The influence of texture on canopy height prediction
1 Introduction
The global canopy height model (Lang et al., 2023b) predicts canopy heigth using only spectral imagery as input data. The authors claim the model has learned spectral and textural features, while also including geographical coordinates (Lang et al., 2023a). The first aspect has been analysisd in my Thesis, while Vinzenz HD Zerres analysed the role of latitude on prediction. Here the influence of texture is analysed and documented.
2 Texture Manipulation
To isolate the effect of texture on prediction, a systematic manipulation of the input data is performed (See spectral methods). Pixels were shuffled across individual Sentinel-2-Scenes in their X and Y dimension while keeping the spectral bands (Z dimension) aligned. Two separate manipulations were performed and compared, once shuffling the pixels across the whole Scene and once shuffling pixels within a local 512x512 subtile, keeping global context but changing local texture.
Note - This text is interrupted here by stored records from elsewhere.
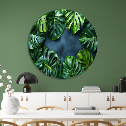Monstera Bladeren op Blauwe Achtergrond aluminium muurcirkel
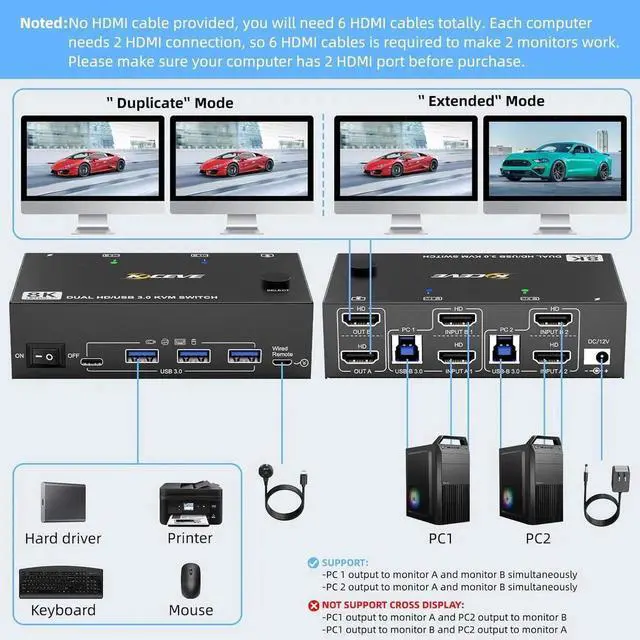 - Each computer needs 2 * HDMI cable+1 * USB 3.0 cable to connect KVM.
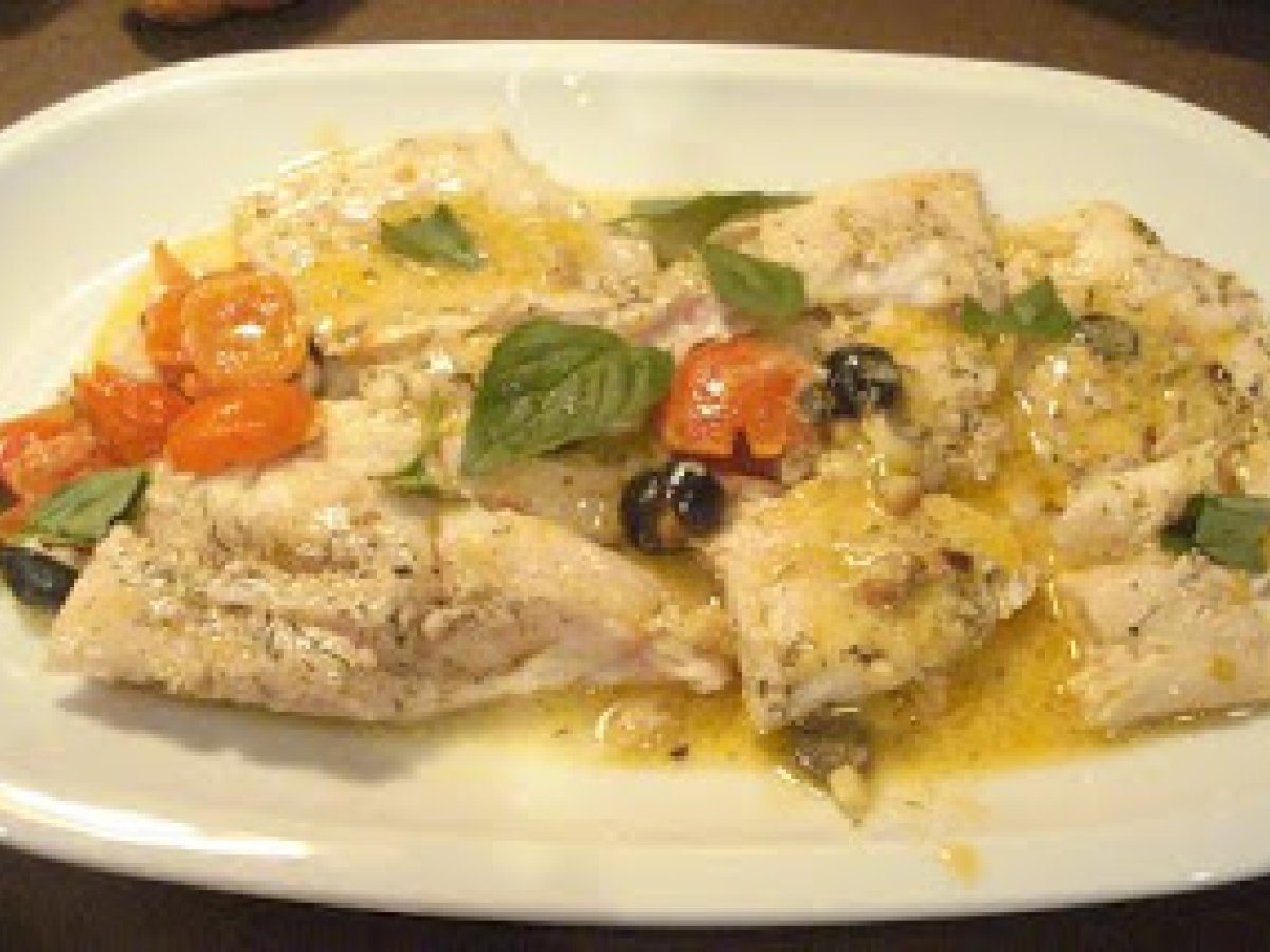 Pesce persico alle erbe aromatiche (filete de perca a las hierbas aromáticas) PlatoFácil50 min205 Kcal Enviar esta receta a un amigo Imprimir esta página Preguntar al autor Publicar la foto de esta receta Ingredientes 2 1 filete de perca, 4 tomates cherry, aceitunas negras, 1 diente de ajo, romero, tomillo, eneldo, albahaca, orégano, aceite, guindilla, limón, vino blanco, sal. Costo estimado: 3.78Euros€ (1.89€/porción)
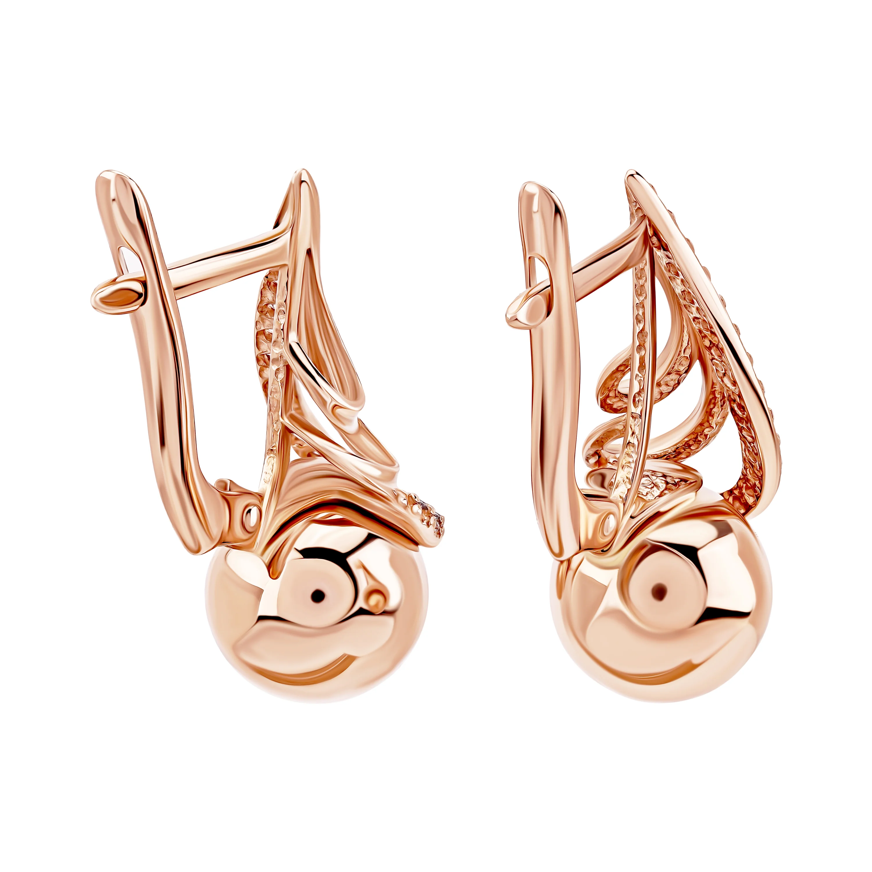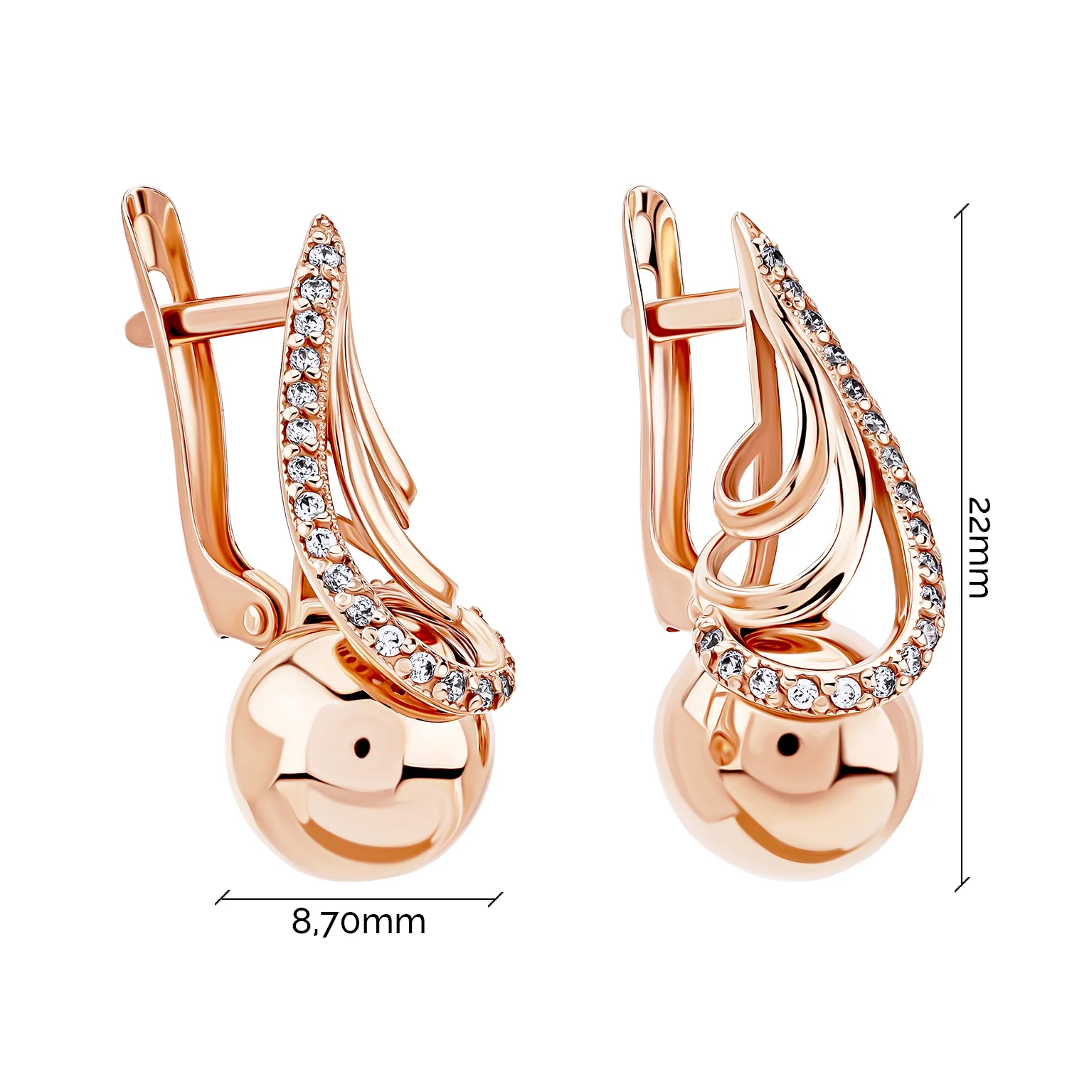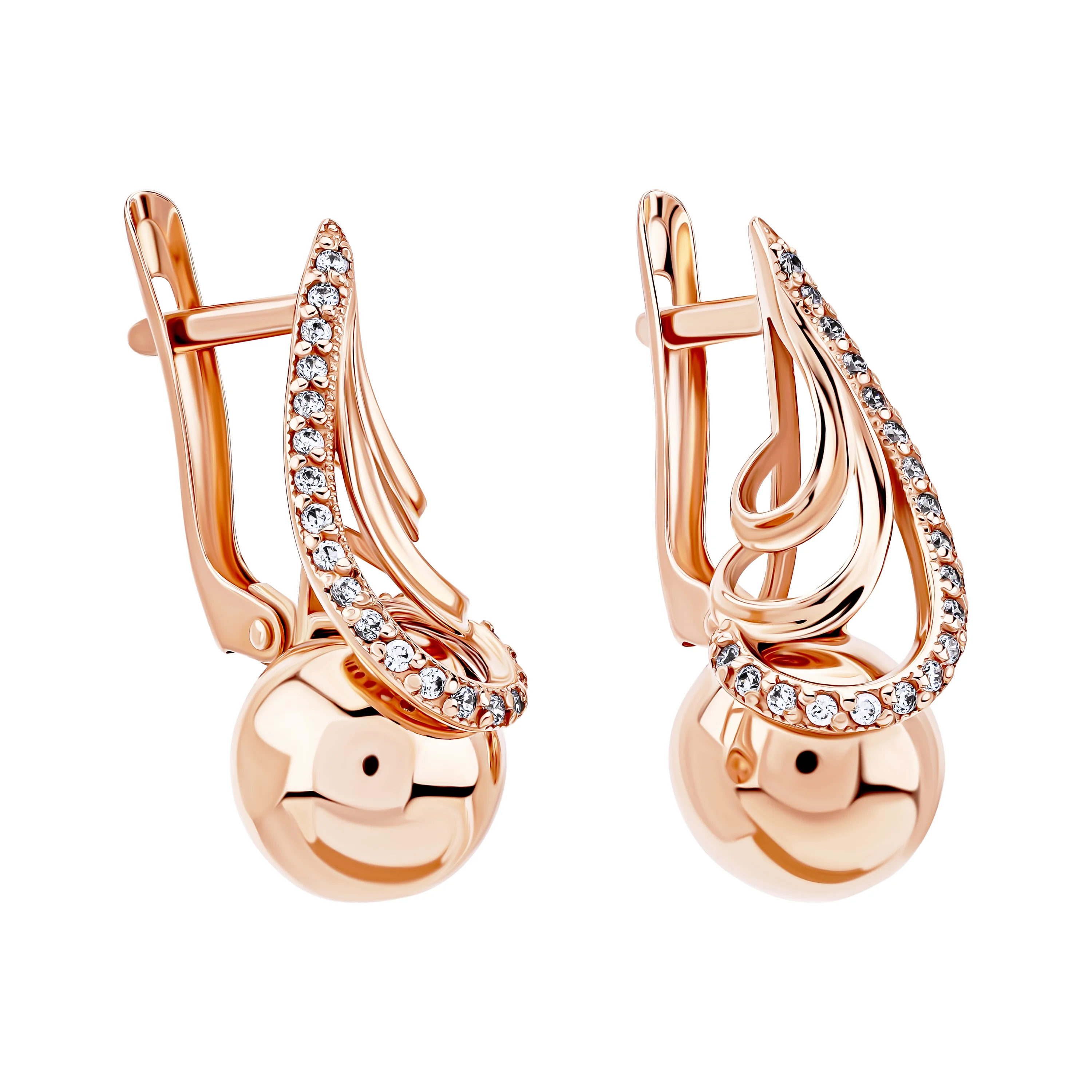 Сережки з червоного золота з фіанітами у стилі fashion - 1992548

The manipulation was performed to different degrees ranging from 10 % to 80 % shuffled pixels.
2.1 Global pixel shuffle
The effects of texture manipulation to different degrees are illustrated both on average and for all individual sample tiles in Figure 1. On average there is no meaningful difference with a very weak positive change across all manipulation degrees. Between the sample tiles big differences are visible, with Malaysia having a strong negative response and USA West and Finland showing the highest positive responses.
The average initial canopy heights show a very different distribution based on their response after manipulation. Areas showing an increase in prediction have a lower average initial canopy height while negative responses could be observed more in higher initial canopy heights.